To determine whether physiological increments in circulating GH concentrations influence glucose-induced glucose uptake (GIGU), two-step sequential hyperglycemic clamp (plasma glucose, 6 and 14 mmol/L) studies were performed in six normal subjects with and without GH infusion (40 ng/kg.min). The latter resulted in serum GH levels of 15 +/- 1 (+/- SE) microgram/L. Infusion of somatostatin (250 micrograms/h during step 1 and 750 micrograms/h during step 2) together with a replacement dose of insulin (1.1 pmol/kg.min) resulted in serum insulin levels comparable to basal levels in both studies.
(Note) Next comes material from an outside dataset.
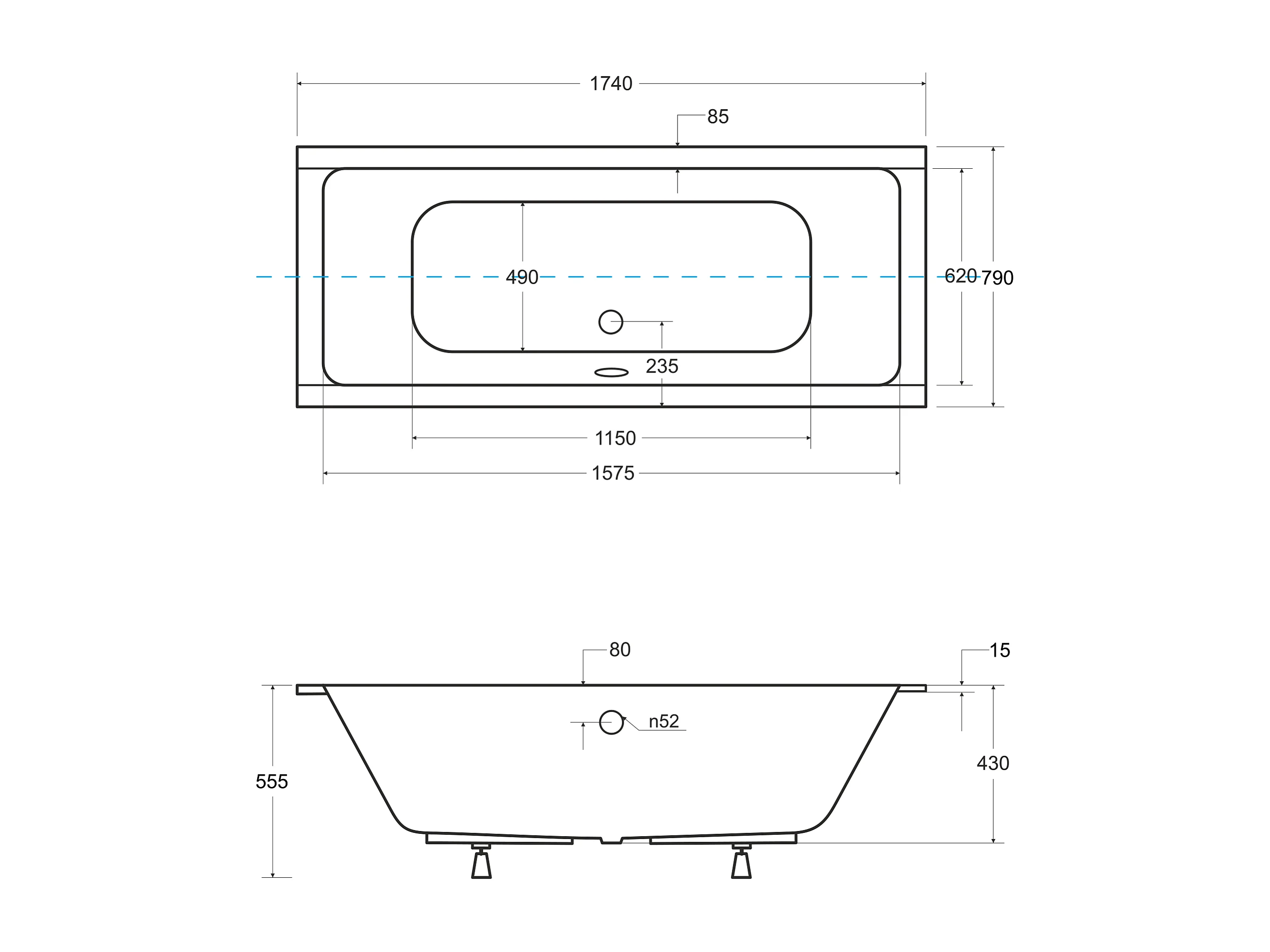 Badewanne Rechteck QUADRO SLIM 175x80 | Ablauf & Füße GRATIS !

The GIGU ([3-3H]glucose), assessed as the difference between steps 2 and 1 glucose utilization during the final 60 min of each step (150 min) was markedly impaired during GH infusion (with GH, 1.1 +/- 0.2 mg/kg.min; without GH, 3.1 +/- 0.3 mg/kg.min; P less than 0.001). Moreover, the percent increase in glucose uptake was considerably reduced during hypersomatotropinemia (with GH, 44 +/- 9%; without GH, 97 +/- 11%; P less than 0.01). In the GH infusion as well as control studies, endogenous glucose production (EGP) was similar at the two levels of glycemia, whereas GH infusion approximately doubled EGP [2.3 +/- 0.2 vs. 1.1 +/- 0.3 mg/kg.min and 2.0 +/- 0.4 vs. 1.1 +/- 0.4 mg/kg.min (step 1 and 2, respectively)]. We conclude that moderate hypersomatotropinemia for several hours is characterized by impaired GIGU as well as augmented EGP.

摘要

为了确定循环中生长激素(GH)浓度的生理性升高是否会影响葡萄糖诱导的葡萄糖摄取(GIGU),对6名正常受试者进行了两步序贯高血糖钳夹试验(血浆葡萄糖浓度分别为6 mmol/L和14 mmol/L),其中3名受试者接受GH输注(40 ng/kg·min),另外3名不接受。后者使血清GH水平达到15±1(±SE)μg/L。在两项研究中,输注生长抑素(第一步为250μg/h,第二步为750μg/h)并补充胰岛素(1.1 pmol/kg·min),使血清胰岛素水平与基础水平相当。GIGU([3-³H]葡萄糖)通过每一步最后60分钟(共150分钟)步骤2和步骤1之间葡萄糖利用率的差值来评估,在GH输注期间显著受损(接受GH时为1.1±0.2 mg/kg·min;未接受GH时为3.1±0.3 mg/kg·min;P<0.001)。此外,在生长激素过多血症期间,葡萄糖摄取的增加百分比显著降低(接受GH时为44±9%;未接受GH时为97±11%;P<0.01)。在GH输注以及对照研究中,内源性葡萄糖生成(EGP)在两个血糖水平相似,而GH输注使EGP增加了约一倍[分别为2.3±0.2 vs. 1.1±0.3 mg/kg·min和2.0±0.4 vs. 1.1±0.4 mg/kg·min(分别为第一步和第二步)]。我们得出结论,数小时的中度生长激素过多血症的特征是GIGU受损以及EGP增加。